And then there is the question of the not-so-very attractive political party that emerged out of the revolutionary process, whose very name is an example of Orwellian doublespeak: the Party of the Institutionalized Revolution (PRI), an authoritarian organization that did not do an especially brilliant job of diminishing economic inequlity.
On the other hand, thanks to widespread agrarian reform, the Mexican Revolution successfully destroyed Mexico’s agrarian oligarchy, and it was the first country to nationalize its oil industry. The Revolution also destroyed the old Federal Army, and so Mexico became one of the rare Latin American countries not to have military coups in the twentieth century. These and other major accomplishments have generated hesitations regarding what history’s veredict on the twentieth century’s first social revolution should be.
Even so, by the 1960s, many intellectuals were saying that the revolution was dead. It seemed to be dead, in any case, but then the neoliberal reforms of the 1980s brought it back to life. Privatization, democratic reform, and state shrinkage allowed the revolution to migrate from the state to the opposition, a process that culminated in 1988, with the annnointment of Cuauhtémoc Cárdenas, son of Lázaro Cárdenas, and former PRI governor as its candidate for the presidency. Along with Cárdenas, Zapata, Villa, and the rest of the revolutionary pantheon migrated to one opposition or another. Thus, in 1994, an indigenous rebellion rocked the southern state of Chiapas, and it took up Zapata’s name and cause. The Zapatistas also revived the symbolic topography of the revolution and made it their own.
More recently, Andrés Manuel López Obrador’s Movimiento de Renovación Nacional (“MORENA,” which is now a political party) named its newspaper Regeneración, after Flores Magón’s famous journal, while AMLO has been at pains to identify neoliberalism with the Porfiriato, and himself with Franciso Madero.

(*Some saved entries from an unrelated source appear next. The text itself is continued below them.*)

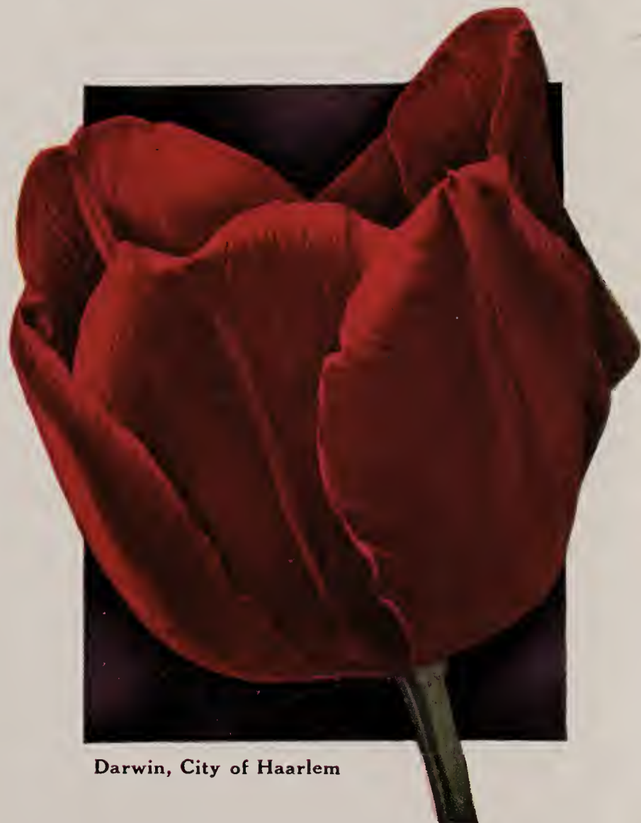
Darwin, City of Haarlem

Come to our store, if possible, and see these new Floralite Plates. They will assist you in making selections.
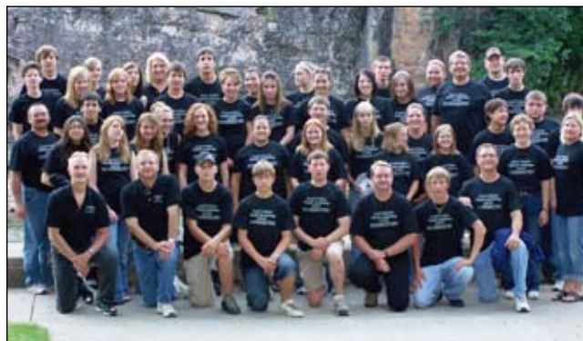
2008 Youth Gathering attendees in Spearfish.
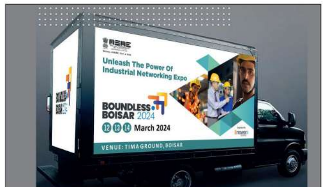
MOBILE VAN ACTIVITY
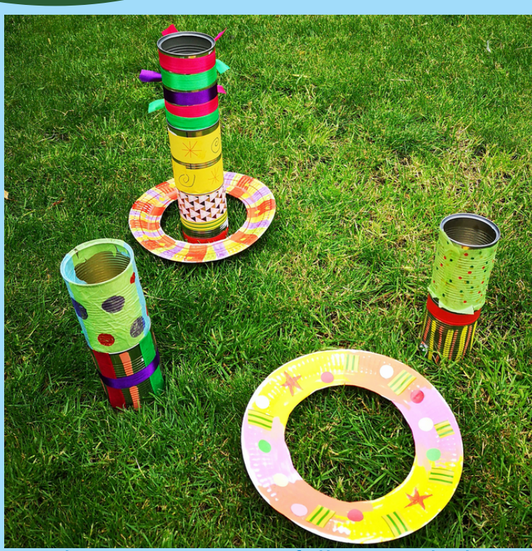
For the ring toss, carefully cut a hole out of the middle of a paper plate, decorate and see how many plates you can get over the upright tins. You can also use sticks in the ground or branches of a tree.
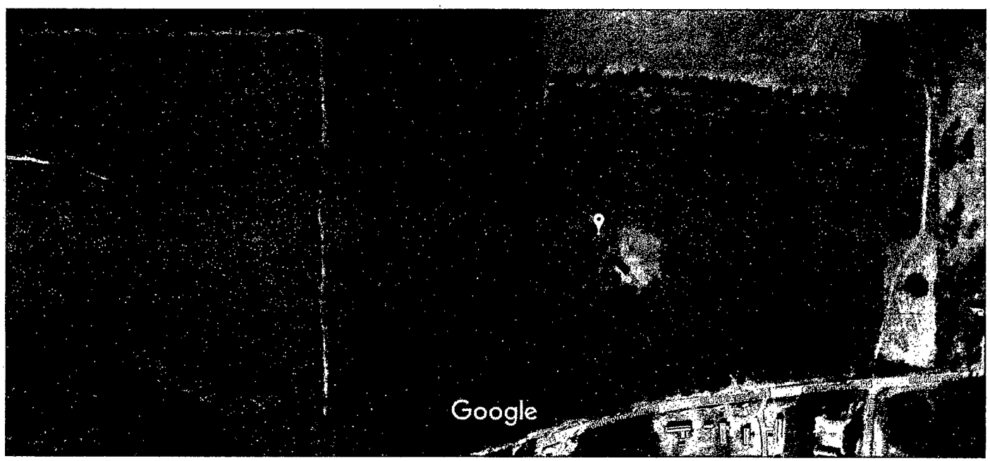
100 ft

The Mexican Revolution, then, is not dead. But is it alive? That’s harder to say, because it has died and been revived several times, often lingering as a ghost. Maybe this is because, despite its many sinister and farcical elements, the Mexican Revolution was, in the end, tragic — a concatenation of events that was bigger even than its heroes and villains. For this reason, it still occasionally offers models for contestation and self-fashioning, much as the French Revolution once did.